Friendsofcaic, a social media page geared towards spreading avalanche awareness in Colorado, reported the following this morning: 

9 people have been caught in avalanches in the last 7 days. One of those went for a very serious ride in the Gore Range yesterday. Thankfully no one has been seriously injured or worse. New snow and wind have created thick slabs in areas around the state. These slabs are sitting over weaker snow. Don’t let them surprise you. Even a small slide could make for a very bad day.
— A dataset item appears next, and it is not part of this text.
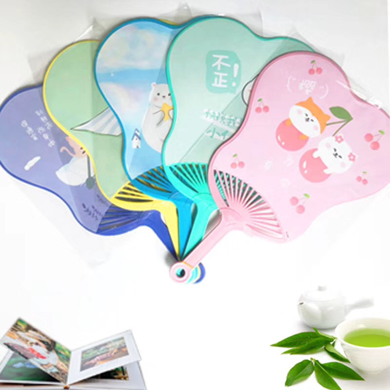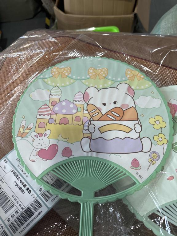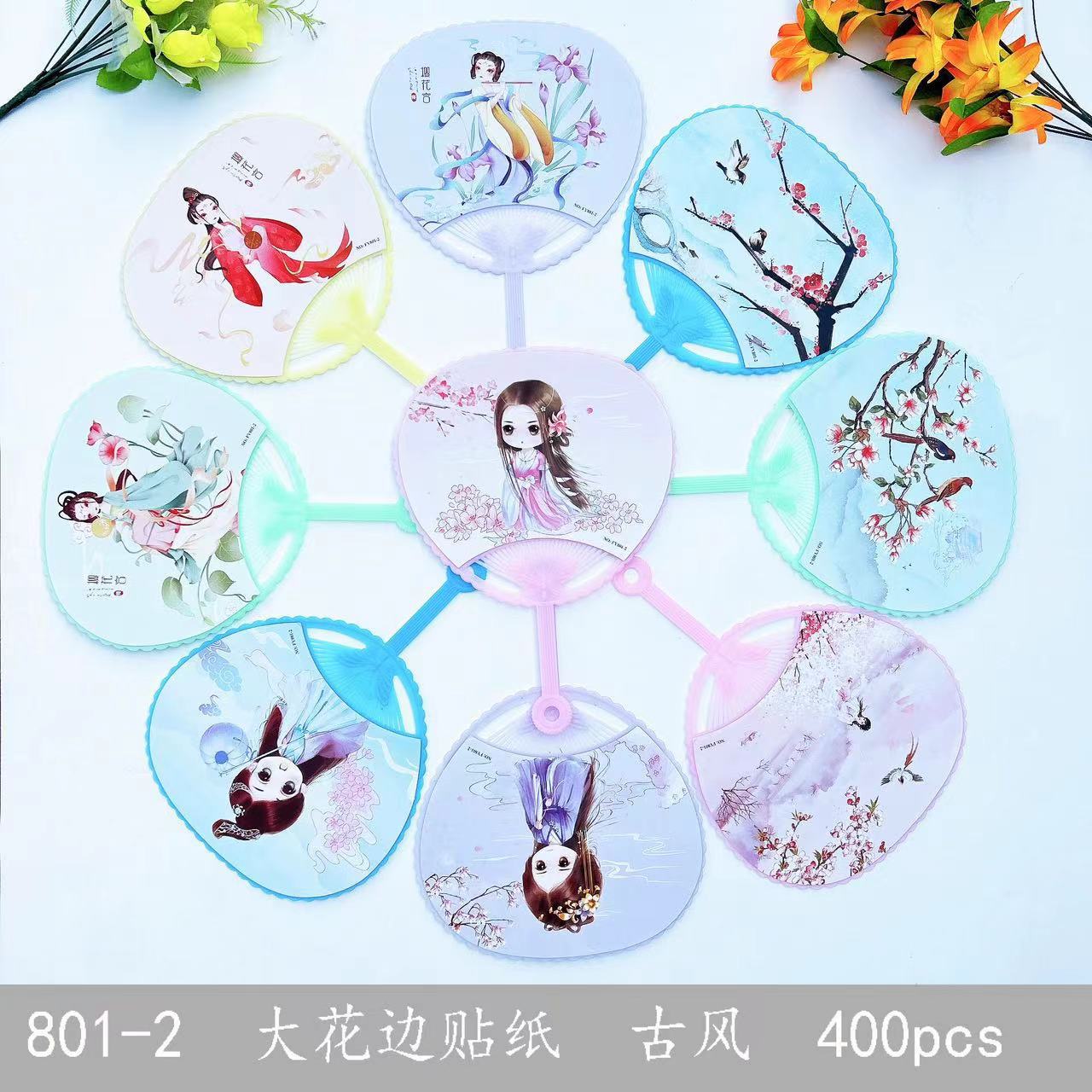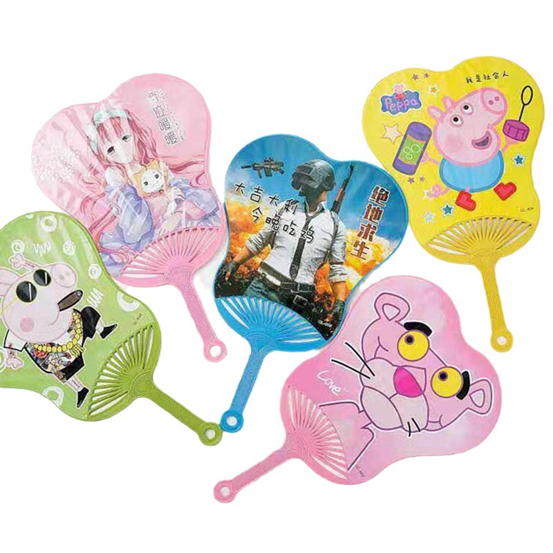 夏季新品大号芭蕉扇圆扇卡通手摇扇塑料亮膜不干胶

Winds have transported snow into thick slabs sitting on weak layers near ridgetops, which makes a recipe for disaster. The Colorado Avalanche Information Center wrote in a social media post this morning about the recent Gore Range avalanche:

Two backcountry tourers were caught in an avalanche in steep terrain yesterday in the Gore Range in Summit County. They were climbing up a couloir when they triggered an avalanche 10 feet above them. One person was swept 1000 feet down the couloir. Fortunately, they were not injured and they were able to get back out to the trailhead under their own power.
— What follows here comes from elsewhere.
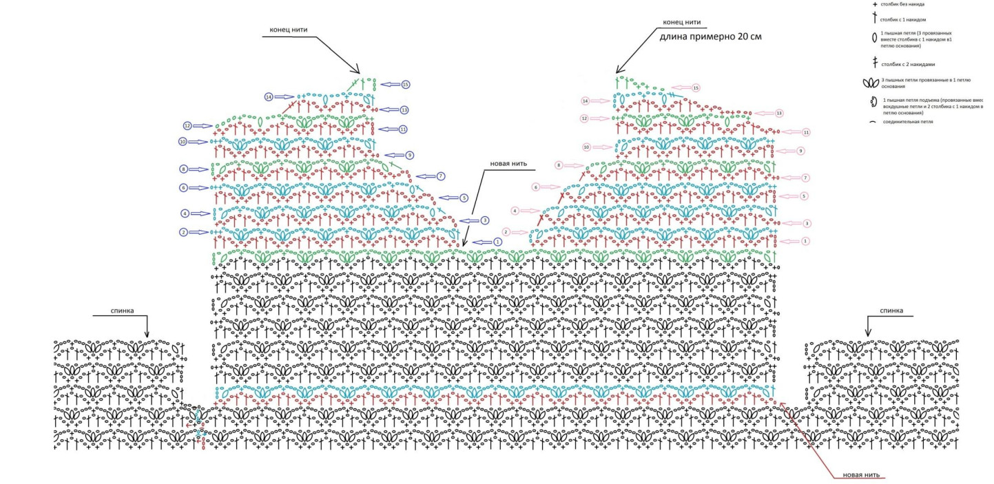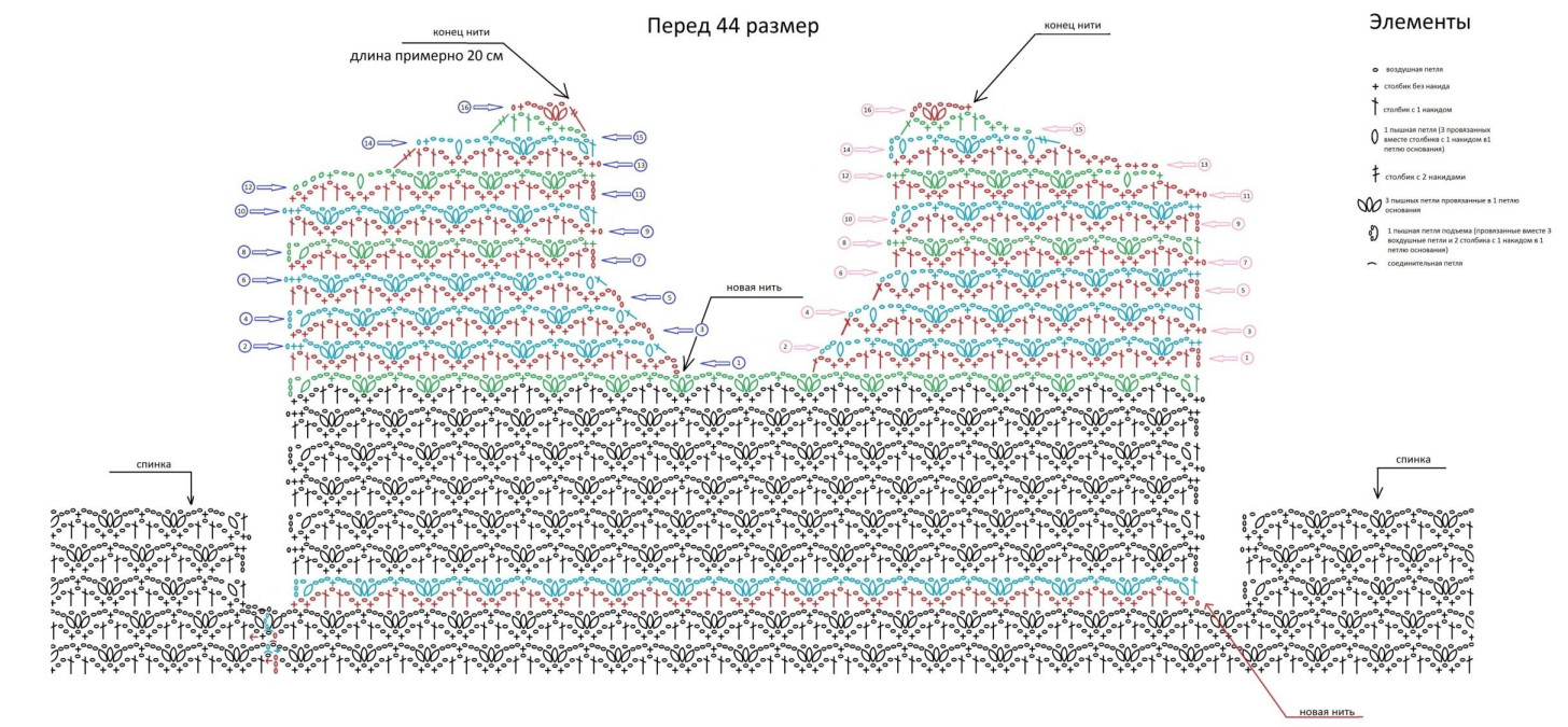 С 25/29 ряд мы начинаем формировать плечевые скосы и горловину. Все убавки изображены на схемах ниже, нужно только выбрать свой размер. Ряды, в которых происходят какие либо изменения, для наглядности на схеме изображены цветом и пронумерованы.

This avalanche is a prime example of what we have to deal with today and through the weekend. Winds have transported snow into thick slabs near ridgetop. These slabs rest over weaker and softer layers. If you think that you can treat extreme terrain like you did last weekend (when the danger was Low), you may get surprised. Conditions have changed in the last seven days as recent winds redistributed new snow. Adjust your travel plans to the conditions.

The photo below is from a fatal accident on April 15, 2020, in the Gore Range. The accident report read, “The weather for several days before the accident included small amounts of new snow and 20 to 30 mph winds. These are ideal conditions for wind loading.”

As the CAIC advises, conditions in Colorado have changed and avalanches are now possible in steep terrain, meaning that you may have to adjust your travel plans to the current conditions.